Tell you want her exclusively, as a wife or not at all and mean it. Otherwise, you will feel jerked around and resentful. If she is not going for a monogamous relationship then you need to stop "dating" her and move on.


----------



## preso (May 1, 2009)

"why am I in any "competition" at all? Either she wants me or she doesn't".
________________________________

I see it the same way. maybe to her ??? it's all about games
because it sounds as if she's playing them. Sounds to me, like she 
is building up her ego, not yours.

You should maybe stop dating her, and if she tells you again that your the blueprint and still in competition, you should respond back to her
that your sorry but you don't want to be a contender in her life. That she should set her sights elsewhere.


----------



## Blonddeee (Dec 17, 2008)

Oh and another thing... 
If you keep "dating" your wife... you are never going to be able to move on... if you did meet someone wonderful- they probably wouldn't be ok with you dating your wife...and you sound like a faithful nice man so you won't be emotionally available to them either. 
You sound like you aren't ready to date yet anyways... so take time to yourself and focus your attention on your daughter and then when you do meet someone you will be more ready to date and not compare every little thing to your wife. It will get better, sorry you are going through this


----------



## melancholyman (Jun 1, 2009)

Thanks guys for your responses.

I know I'm really getting shafted on this deal, but I can't say that I'm not guilty of the same. I mean, for awhile, I was dating someone too, it just recently ended. So I guess for awhile, my wife was sort of "in the running", as well. 

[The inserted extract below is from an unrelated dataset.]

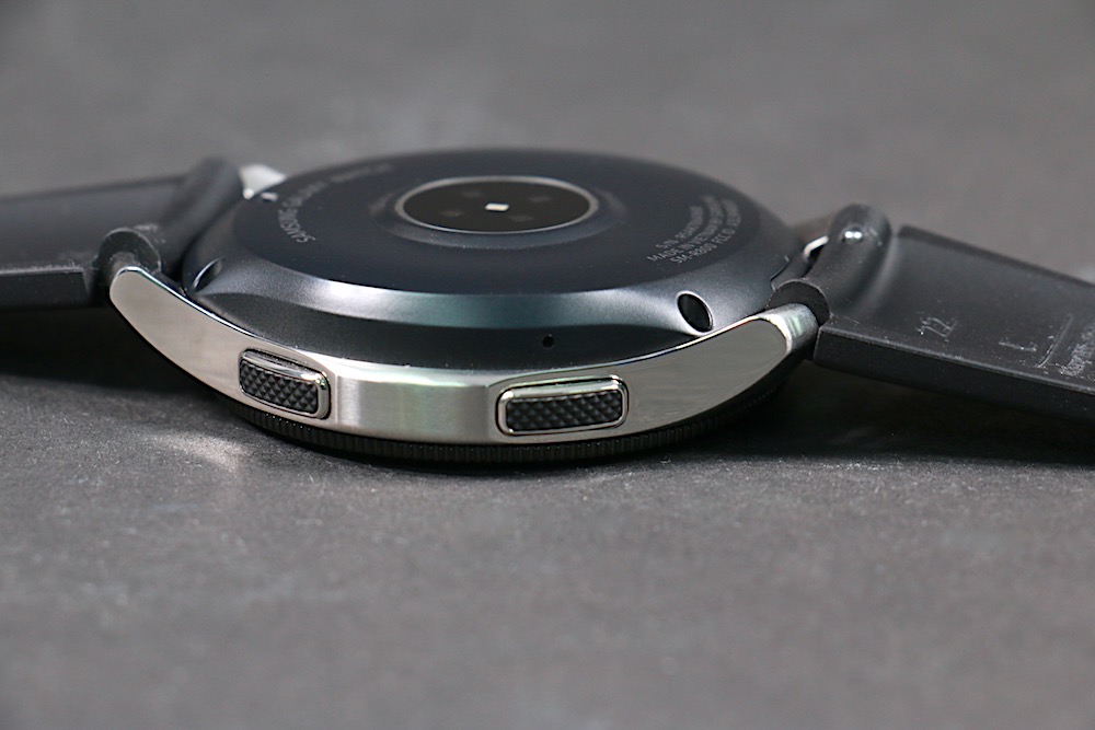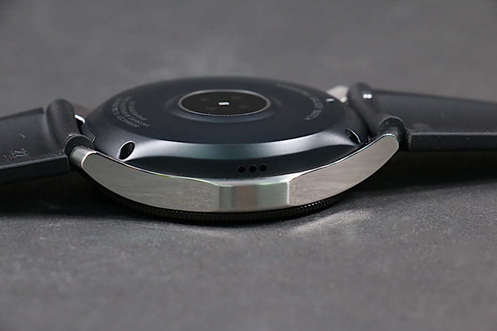 在右側兩個按鍵的後方,設置了一個麥克風,除了可以使用它通話之外,也可以透過它來喚起 Bixby 語音助理,並說出想要 Bixby 協助的事項。另外,必須注意的是,由於麥克風的位置較接近手腕,使用時務必注意不要讓手腕遮住了麥克風,以免影響收音效果。

Am I ready to date again? Well, I need to get my own place and ride first, but I feel like I want to give my heart to someone else. I want to trust again. And I certainly want to make love again. Do those things make me ready? I really don't know. Yes, I'm stuck on my wife, but if the right person came along, I could ditch my wife, knowing that she really didn't want me as her man anyway. 

To her, I'm what some urban populations might refer to as a "shorty"; someone you keep in tow to hang out with, have sex, talk sh** with, whatever, but is always just an option, never a priority.

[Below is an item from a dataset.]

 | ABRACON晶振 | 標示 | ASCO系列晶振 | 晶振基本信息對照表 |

Funny thing is, my wife has told me she was jealous of my other relationship during that time and was actually angry at me that I could be seeing someone long-term (well, 4 months...). The nerve..! 

She doesn't like to be rushed into ANYTHING, and she hates having to validate or take responsibility for her actions. The woman just wants complete sovereignty unto herself. So, when I asked if she thought she would ever be ready for a monogamous relationship, with ANYONE, not just me, she said she didn't want to think that far ahead, but for now, no. And yet, somehow, she claims she's looking for love. 

She's going to keep me as a "shorty" as she sees fit and as long as I let her, but to end this means my marriage will truly end. This may be an incredibly dysfunctional semblence of our marriage, but the alternative is a return to loneliness, unhappiness and unworthiness.


----------



## Amplexor (Feb 13, 2008)

melancholyman said:


> This may be an incredibly dysfunctional semblence of our marriage, but the alternative is a return to loneliness, unhappiness and unworthiness.


There is nothing wrong with being alone and lonely. Almost all experience it at some point in their lives. It just drives us to find companionship.

Unhappiness will wane as you move forward. I can’t think of anything that would make me feel more unhappy than being uses as a “Plan B” and it doesn’t really seem like she is considering you long term anyway.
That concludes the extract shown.